------ EXERCISE INPUTS

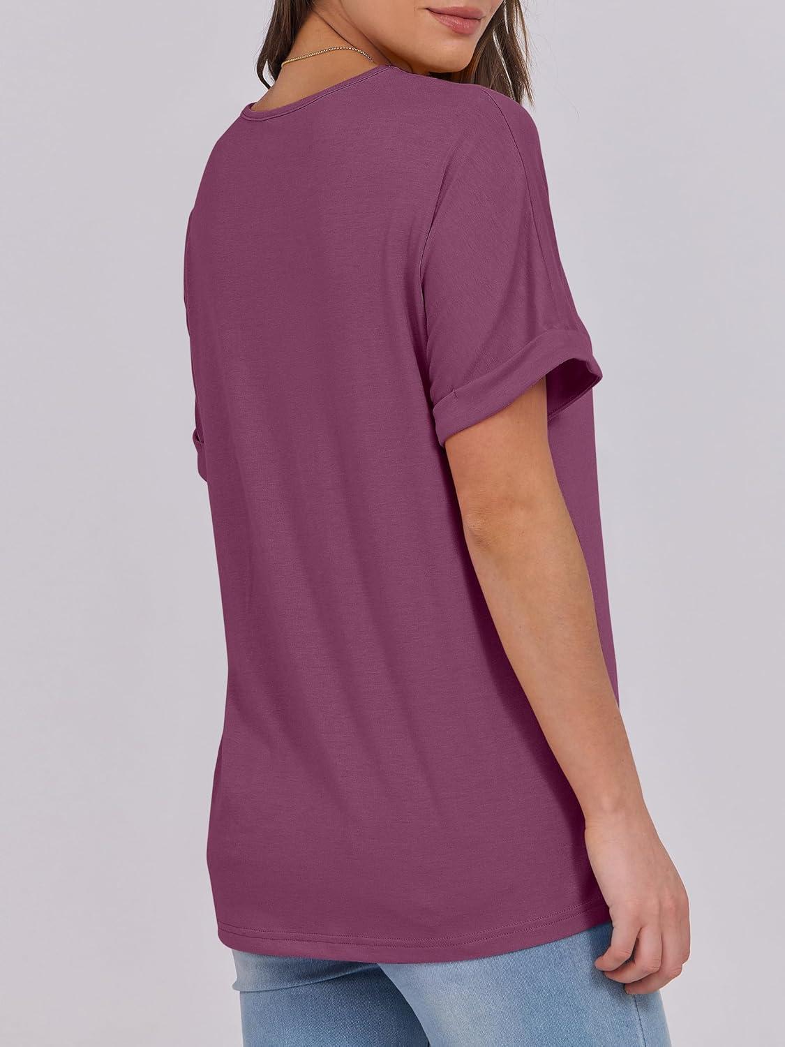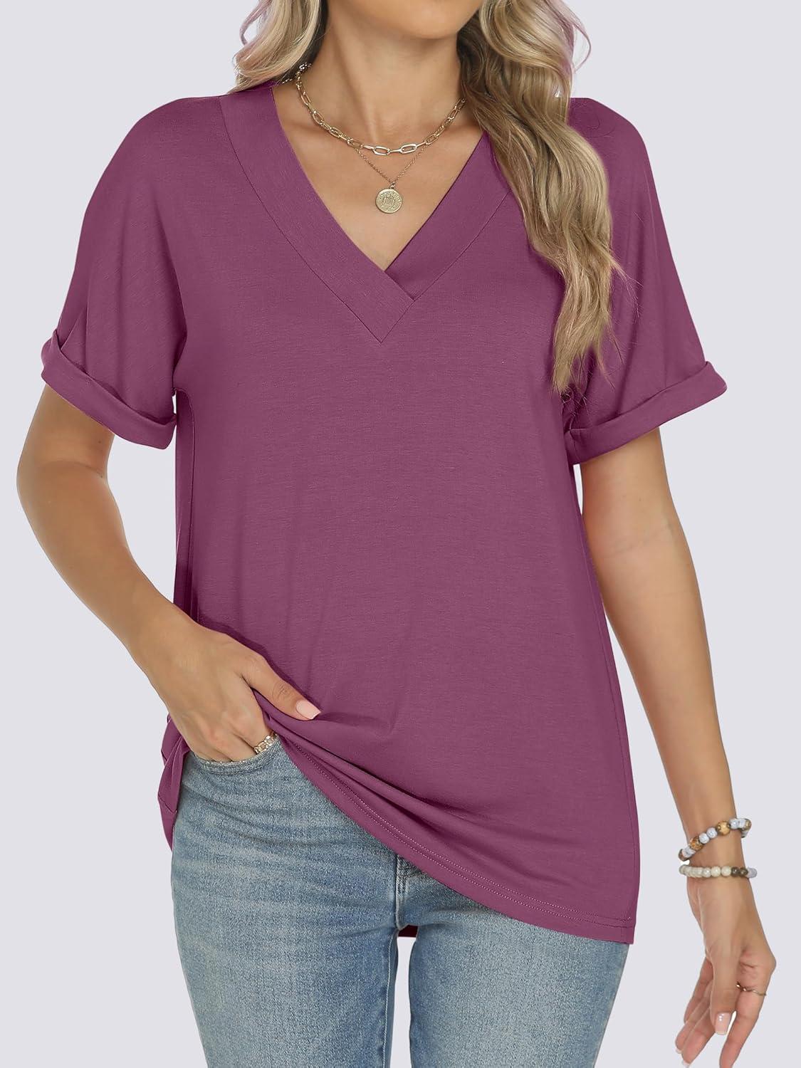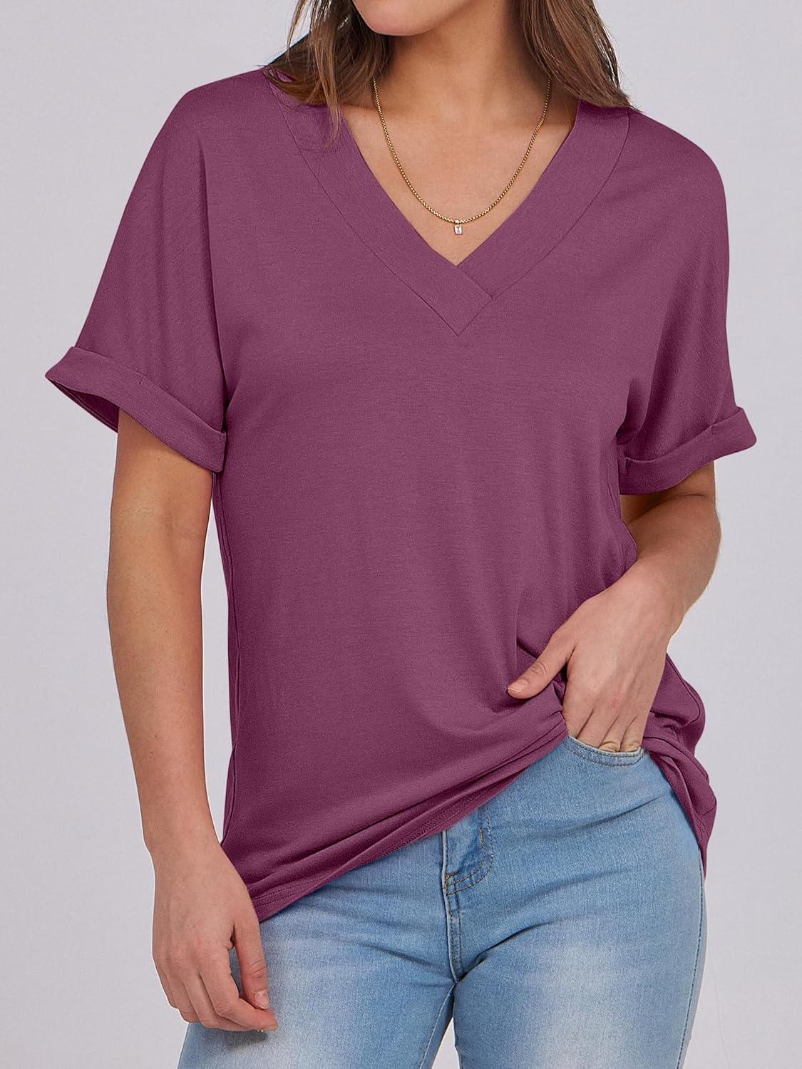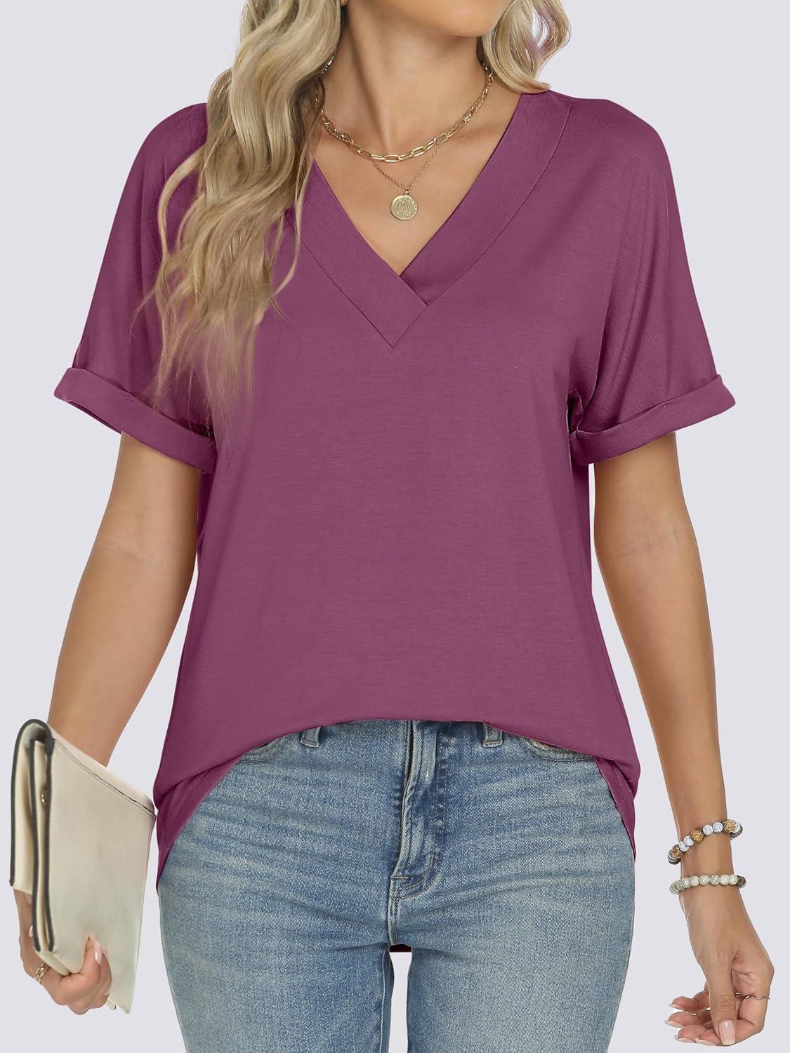 ANRABESS Womens T Shirts Short Sleeve V Neck Shirts Summer Loose Fit Dressy Tops Business Casual Blouses 2025 Basic Tees(Wine Red)
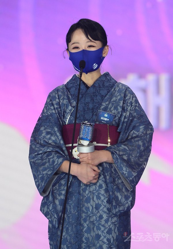 24일 서울 서초구 양재동 aT센터 전시장에서 열린 ‘NH콕뱅크와 함께하는 2021 아프리카TV BJ대상’ 시상식에서 부문별 올해의 상 이색현장BJ를 수상한 유이뿅이 소감을 말하고 있다.
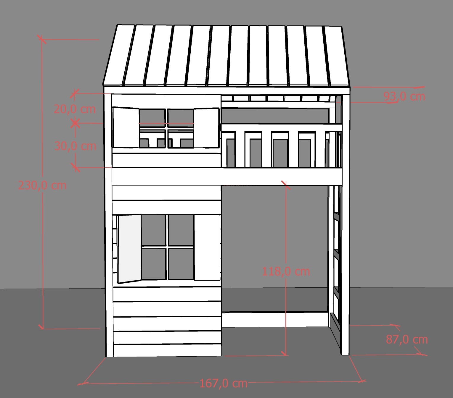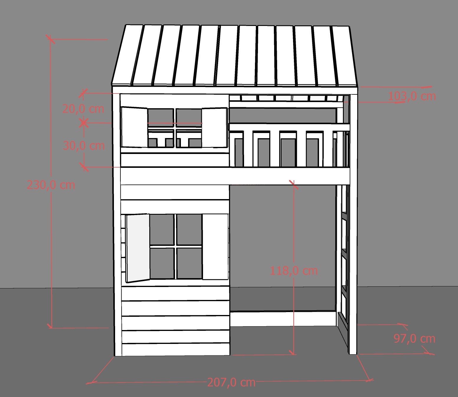 Model 101A1 posiada dwa okienka z okiennicami i doniczkami, które tworzą przytulną atmosferę w pokoju i pozwalają na poczucie intymności i bezpieczeństwa podczas snu.
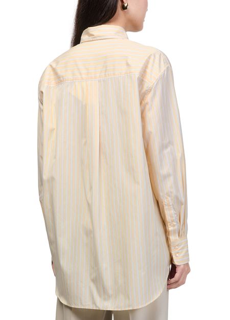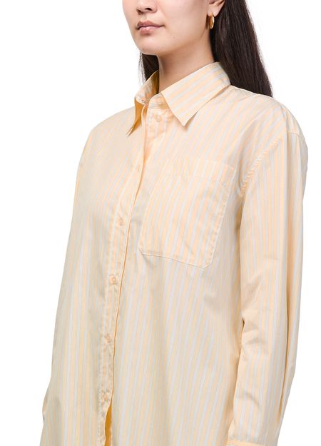 Reveal Soeur's Carlotta shirt, a refined top featuring long, cuffed sleeves and a crisp striped print. The front buttoned closure and subtle breast pocket add a tailored touch, making this shirt a versatile choice for both professional and casual ensembles.
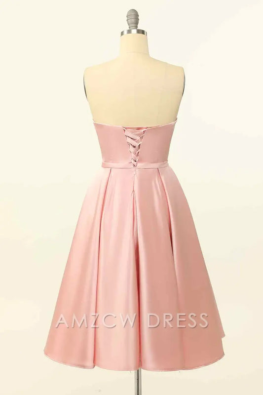 Vestido corto elegante de satén rosa con espalda descubierta y corte en A Amzcw para fiesta de bienvenida, vestidos formales
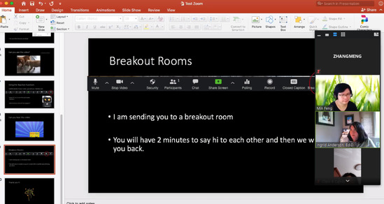 本次ZOOM平台直播测试持续1个小时,共96人参与,直播效果良好。除2017级学前教育(中外合作办学)专业同学、外方教师、合作授课中方教师外,学前教育学院教学院长、专业主任、辅导员,国际交流处、网络中心负责老师,以及全校各相关专业的中方合作教师等十余人共同参与了观摩和讨论。测试帮助学生与教师熟悉和现场操作了ZOOM平台的各项基本功能,进一步了解课堂互动的基本规则和教师之间、师生之间的互动模式,掌握网络运行情况及可能出现的困难或障碍等。通过进一步培训和使用,各职能部门将竭尽全力,最大程度整合资源、发挥主观能动性,保障平台在此次远程教学中的稳定性,优化师生们的教学和学习体验,确保教学质量和效果。
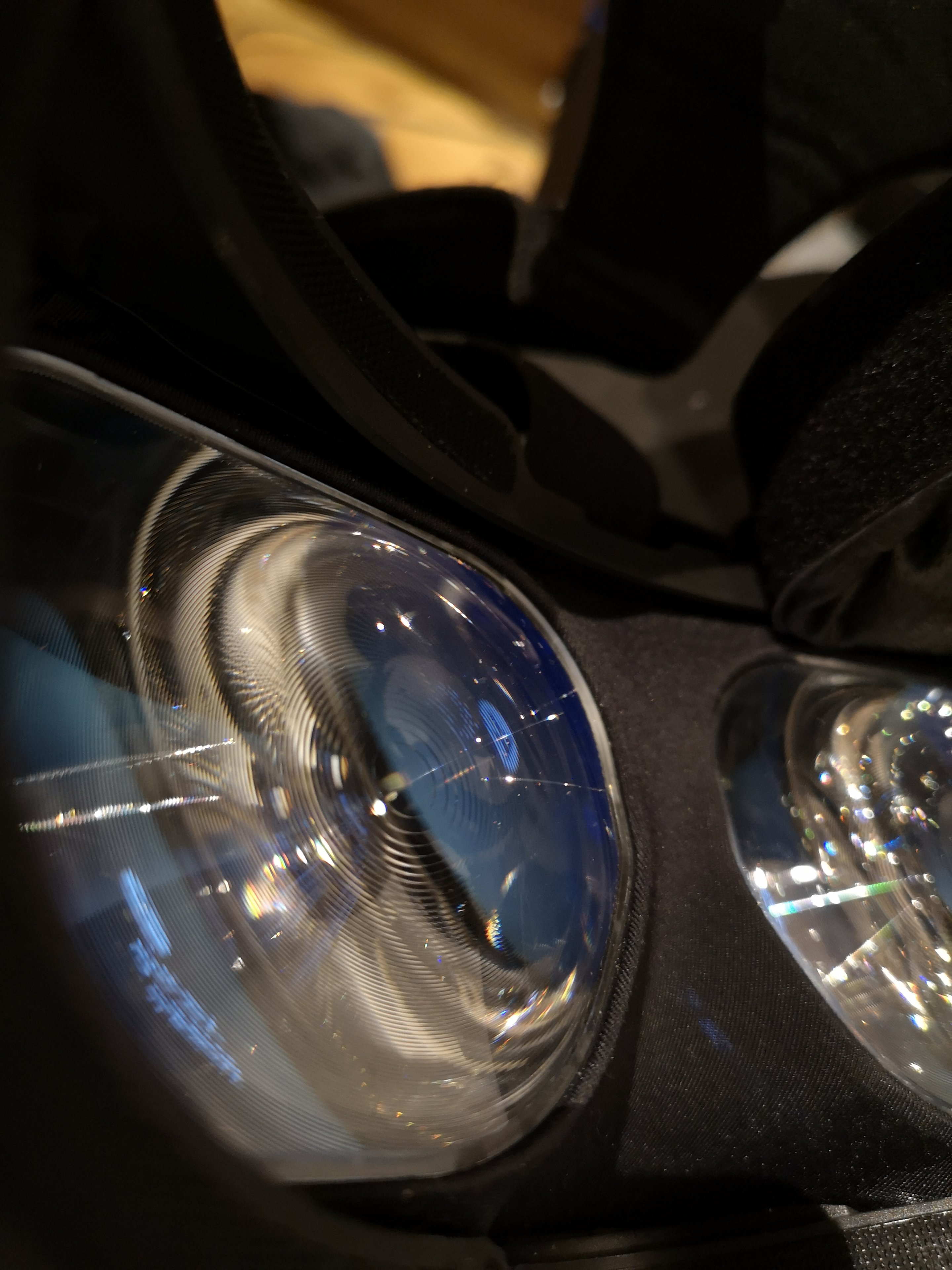 Was es auch sein könnte ist die Fassung in der die linsen sitzen, da ist ca en 2mm hoher Rand um die linsen. Vll nehme ich den wahr, aus dem Bereich etwa kommt auch die sichtstörung. Ich lade mal en bild hoch, ist bei euch der Rand um die linsen auch ca 2mm hoch?
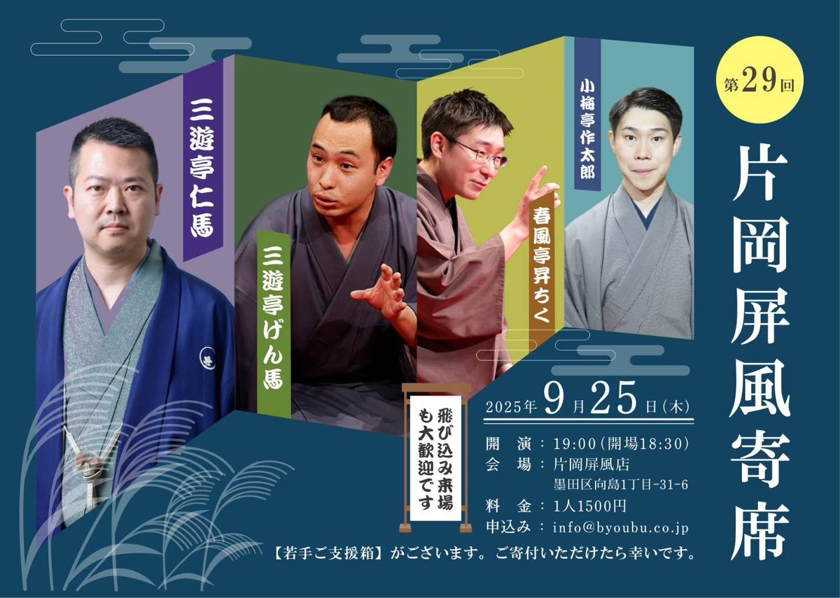 【 #片岡屏風寄席 】 \ #寄席 は明日‼️ / 日時:2025年9月25日 開演:19時 開場:18時30分 TEL:03-3622-4470 本ツイートや公式HPのお問い合わせでもご予約受け付けております🙇🏻♂️ #片岡屏風店 #屏風 #落語 #イベント #event x.com/kataoka_byoubu…

------------

> **TASK PROMPT**:
Return the opening line of the data above and every line after it up to and including the line that holds "Model 101A1 posiada"; pictures stay out.

> **SOLUTION**:
 ANRABESS Womens T Shirts Short Sleeve V Neck Shirts Summer Loose Fit Dressy Tops Business Casual Blouses 2025 Basic Tees(Wine Red)
 24일 서울 서초구 양재동 aT센터 전시장에서 열린 ‘NH콕뱅크와 함께하는 2021 아프리카TV BJ대상’ 시상식에서 부문별 올해의 상 이색현장BJ를 수상한 유이뿅이 소감을 말하고 있다.
 Model 101A1 posiada dwa okienka z okiennicami i doniczkami, które tworzą przytulną atmosferę w pokoju i pozwalają na poczucie intymności i bezpieczeństwa podczas snu.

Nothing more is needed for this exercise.